Generally speaking, in my opinion, they have stressed too much on
achieving 100% transparency at the cost of other factors. For example,
when a remote process forks in Sprite, the child process has the same home
machine as the parent in accordance with transparency. This in turn makes
the process state distributed on both machines, making the system less
fault tolerant and also decreasing the performance of the system. This
seems an unreasonable trade-off in a general sense, as a process migration
mechanism that is not fault tolerant and potentially much slower than
single host-only execution of programs is likely to be less successful in
practice.
Also, it seems that while authors sacrificed to make the kernel more
complex and less maintainable for achieving transparency (eg. changing the
file system) , they simultaneously sacrificed performance for simpler
implementation of virtual memory transfer module (where the file server
became a bottleneck).
Thus overall, the code broke easily, file server saturated at 12 hosts
doing pmake and processes had dependencies on host machine after
migration.
On the other hand, the targeted environment of the Sprite system was a
collection of workstations on a LAN (instead of a wider network) and in
particular, memebers of the Sprite project. It strived to give them lower
compilation times when using pmake and later, faster simulations. This was
unlike the distributed systems of 1985 which had no specific workloads
and users in mind while making design choices.
Student
The Sprite designers chose to make process migration very transparent
at a cost of higher complexity, higher residual dependencies, slightly
worse performance, and less reliability. I believe slightly worse
performance is a reasonable tradeoffs for providing
transparency. However, I think that the tradeoff between high
transparency and less reliability because of higher residual
dependencies is a bit suspect. It seems that most users would be
willing to deal with less transparency if it meant higher reliability
of their processes. Transparency does nothing for a user if their
process cannot complete because the system is not reliable enough.
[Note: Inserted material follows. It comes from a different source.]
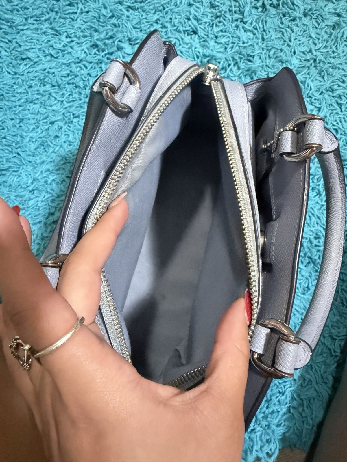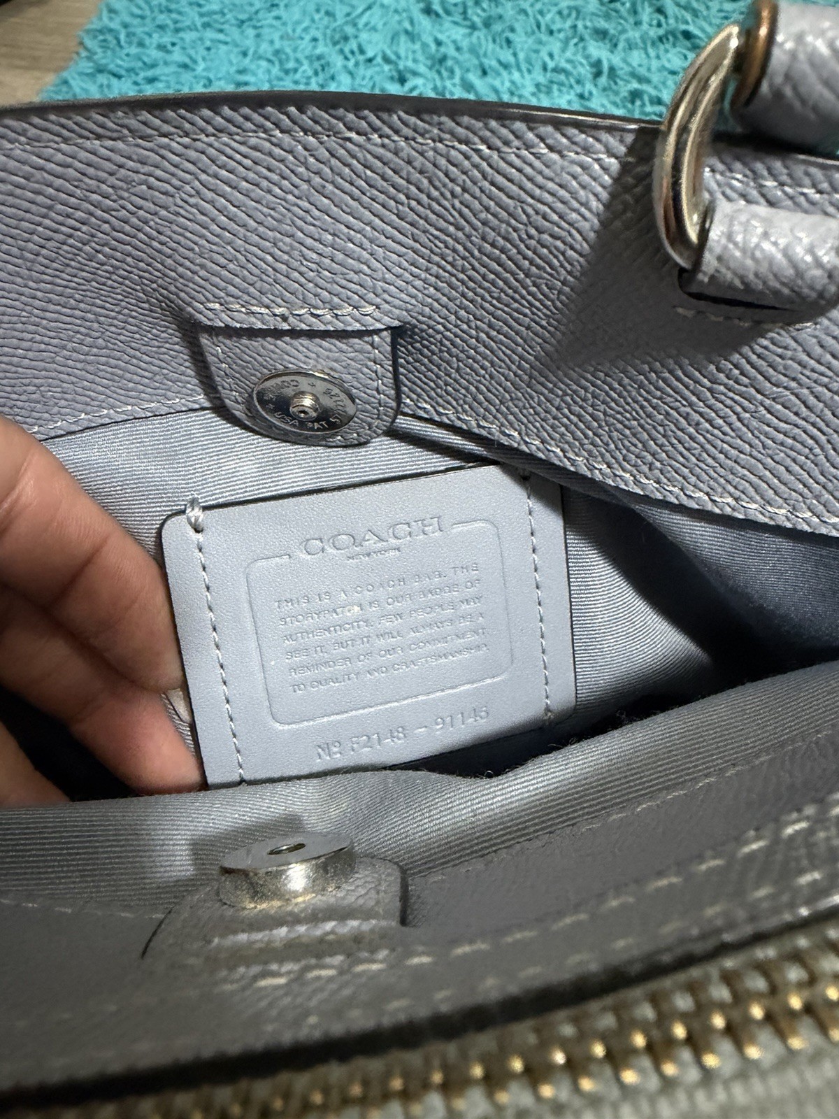 The Coach Baby Blue Leather Handbag Purse is a stylish and chic accessory perfect for women looking for a designer touch. Made from high-quality leather with a pebbled finish, this small crossbody bag features a solid blue exterior with silver hardware accents. The purse includes inner pockets for organization and a zip closure for security. The blue leather handle/strap adds a pop of color to the overall look, making it a versatile piece that can elevate any outfit. Additionally, the bag charm adds a fun and personalized touch to this fashionable Coach handbag.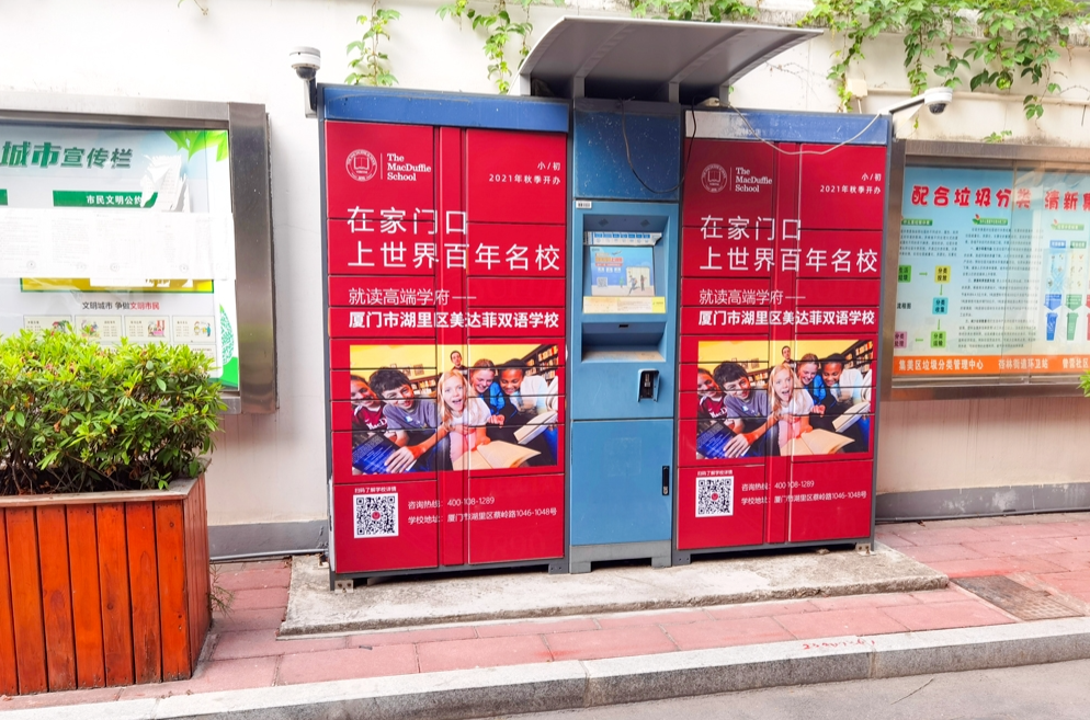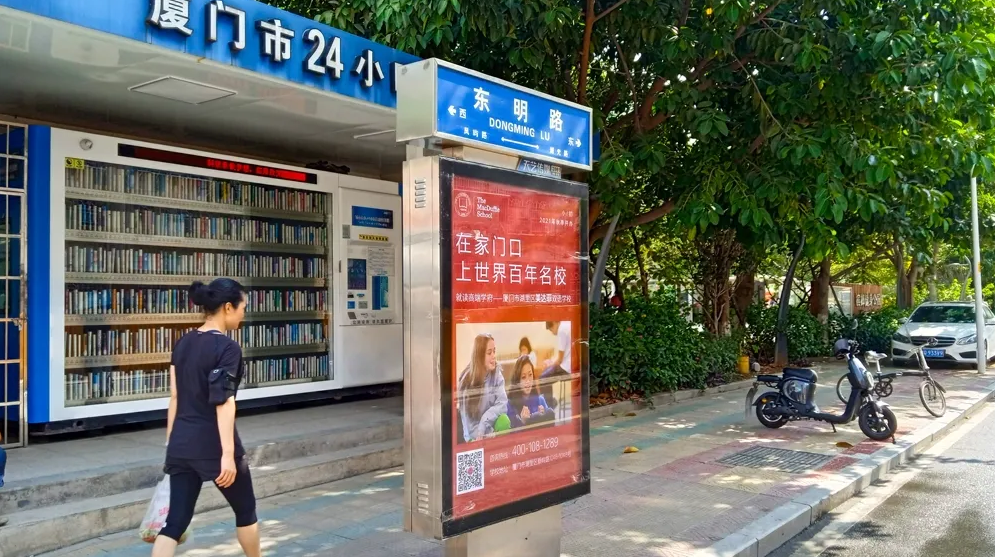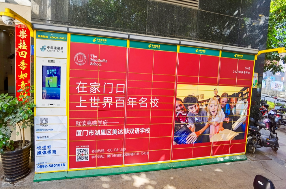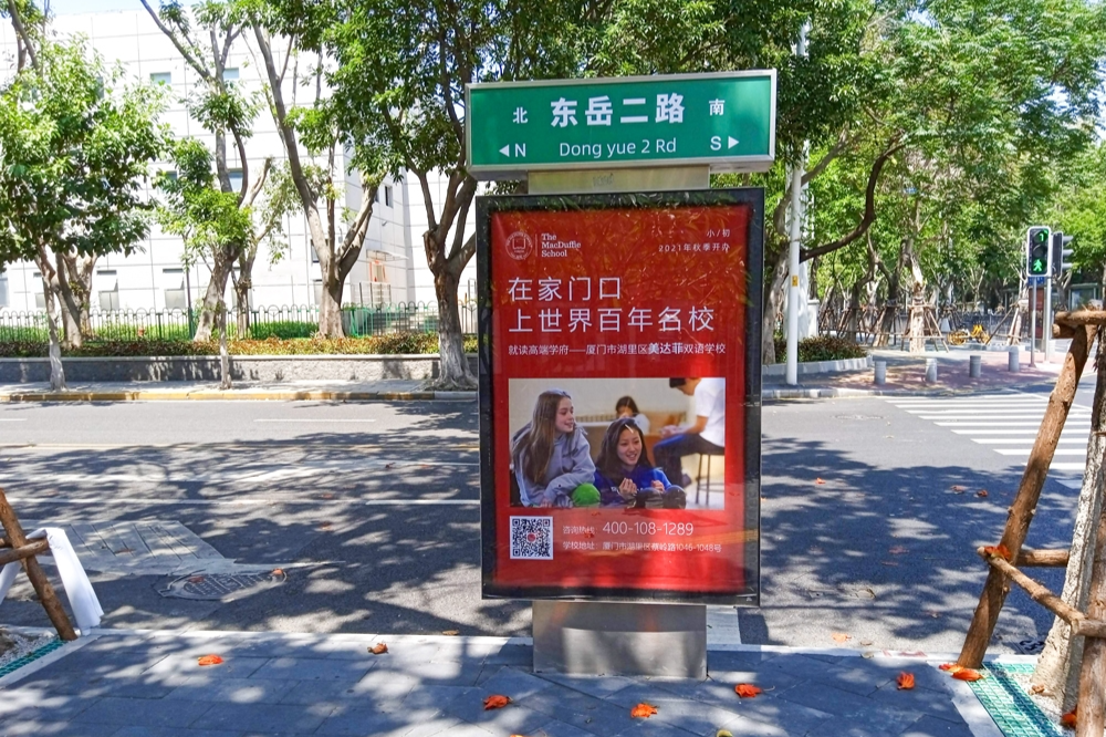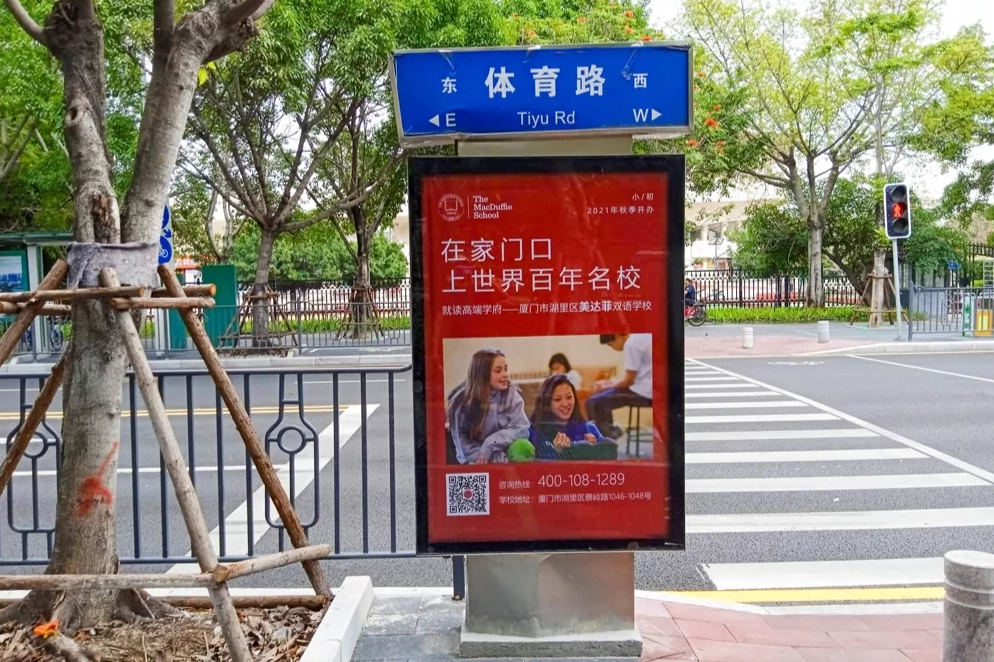 美達(dá)菲在廈門確定扎根后,重視線上線下的一系列宣傳告知,年后即開始在廈門戶外多個渠道進(jìn)行大范圍的宣傳推廣,以“在家門口,上世界百年名校”為口號,集中在五緣灣、觀音山、會展、萬達(dá)廣場、蔡塘廣場等多個中高端商圈、商務(wù)圈,以及仙岳路、廈禾路、嘉禾路等多個主干道進(jìn)行城市路名牌的投放,同時在島內(nèi)多個高端住宅小區(qū)的快遞柜進(jìn)行大幅畫面展示。

The Sprite designers decided it was necessary to include some residual
dependencies to achieve higher transparency. They do this at a cost of
reliability, performance, and complexity. One example of a residual
dependency is that of forwarding I/O data from the host machine to the
remote machine running the process. It may have been unwise for the
designers to decide to migrate processes which interact with I/O
devices. Not moving them saves them one residual dependency and
increases performance of processes which use I/O data. However,
because of the remote file system in use, residual dependencies on the
file server is unavoidable.
The main performance loss occurs during the transfer of processes from
machine to machine. In order to acheive high transparency they must
copy the virtual memory, open file information, etc. I believe that
the performance loss is acceptable because of the clever way they try
to mitigate the penalty for migrating processes. They choose to send
the process information into a backing store file, which the newly
started process on the remote machine will fetch from in a lazy copy
sort of way. There is a residual dependence on only the file server in
this case.
In order to make the system highly transparent, a lot of complexity
was added to the system that would have been unnecessary in a
non-transparent system. Higher complexity seems like a bad tradeoff
because of extra problems that may arise because of unforseen
consequences of design decisions, more bugs in the software, and an
overall less reliable system as a result. This seems like an
unreasonable tradeoff for higher transparency.
Student
Sprite Designers seem to have focussed more on transparency and
performance than on any of the other issues. To transparently migrate
processes, Sprite forward kernel calls home. Forwarding also occurs from
home machine to the current machine (signals).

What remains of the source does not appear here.